Lines from the one containing "BERTONE Jaguar B99" through the last line of the records below need to be repeated exactly; nothing else, and no pictures.

**Provided information:**
* * *

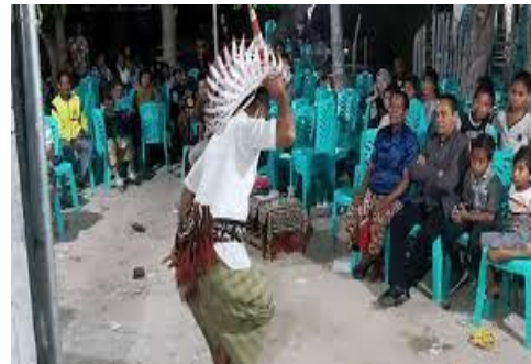
Gambar 1. Pertunjukan tarian foti bobouk .

menampilkan gerakan yang tangkas dan cepat serta penuh semangat. Hela atau pela atau Ndara/Ndala juga merupakan tarian kemenangan dalam perang seperti halnya babouk . Namun gerakan yang ditampilkan lebih cepat ( tempo ) dan lebih tangkas dari bobouk . Kaka atau kaka musuh merupakan tarian dalam medan perang. Jika bobouk dan Hela merupakan bentuk ungkapan kegembiraan atas kemenangan yang diperoleh, maka tarian kaka atau kaka musuh merupakan tarian yang ditampilkan sementara peperangan terjadi. Busana yang digunakan oleh penari hampir sama dengan tarian bobouk dan hela , hanya saja pada tarian kaka musu ditambah dengan aksesoris parang (Haning, 2009). Terlepas dari jenis-jenis tarian foti tersebut, dalam penelitian ini peneliti akan lebih fokus kepada jenis tarian foti bobouk sebagai objek penelitian.
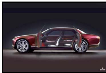
BERTONE Jaguar B99
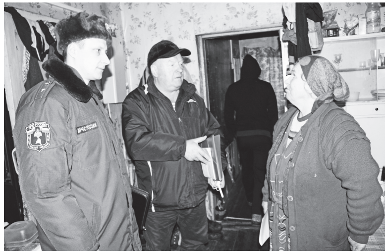
▲ В ходе беседы были даны соответствующие рекомендации

Стоит отметить, что ежегодно с наступлением холодов увеличивается количество пожаров из-за неисправности печного отопления и нагрузки на электросеть при подключении бытовых электроприборов. Также велик риск возникновения пожаров из-за нарушений элементарных правил пожарной безопасности в быту. Согласно статистике, за 2017 год на территории Нижегородской области произошло 2657 пожаров, в которых погибли 222 человека, в том числе 9 детей. Одной из причин их возникновения стала неисправность печей и дымоходов – 505 случаев. Немало пожаров, а именно 834, произошло из-за нарушения правил эксплуатации электрооборудования.
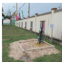
手押し井戸ポンプ
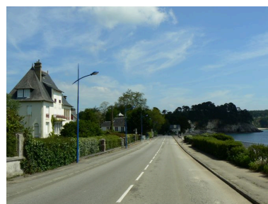
Boulevard de la plage à Morgat
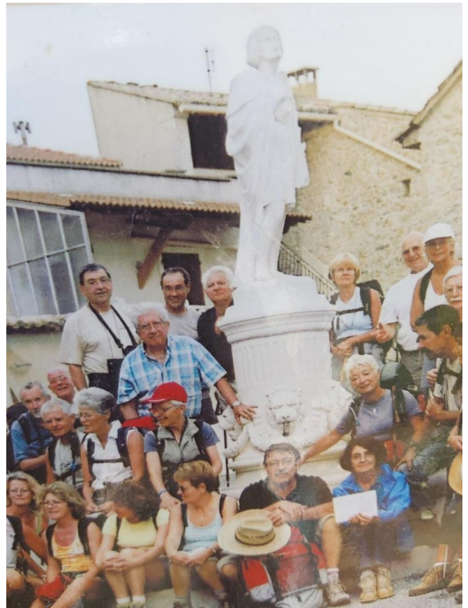
Patrice. Statut de saint Pons. Rangée du haut, milieu.

* * *

**Expected output:**
BERTONE Jaguar B99
▲ В ходе беседы были даны соответствующие рекомендации

Стоит отметить, что ежегодно с наступлением холодов увеличивается количество пожаров из-за неисправности печного отопления и нагрузки на электросеть при подключении бытовых электроприборов. Также велик риск возникновения пожаров из-за нарушений элементарных правил пожарной безопасности в быту. Согласно статистике, за 2017 год на территории Нижегородской области произошло 2657 пожаров, в которых погибли 222 человека, в том числе 9 детей. Одной из причин их возникновения стала неисправность печей и дымоходов – 505 случаев. Немало пожаров, а именно 834, произошло из-за нарушения правил эксплуатации электрооборудования.
手押し井戸ポンプ
Boulevard de la plage à Morgat
Patrice. Statut de saint Pons. Rangée du haut, milieu.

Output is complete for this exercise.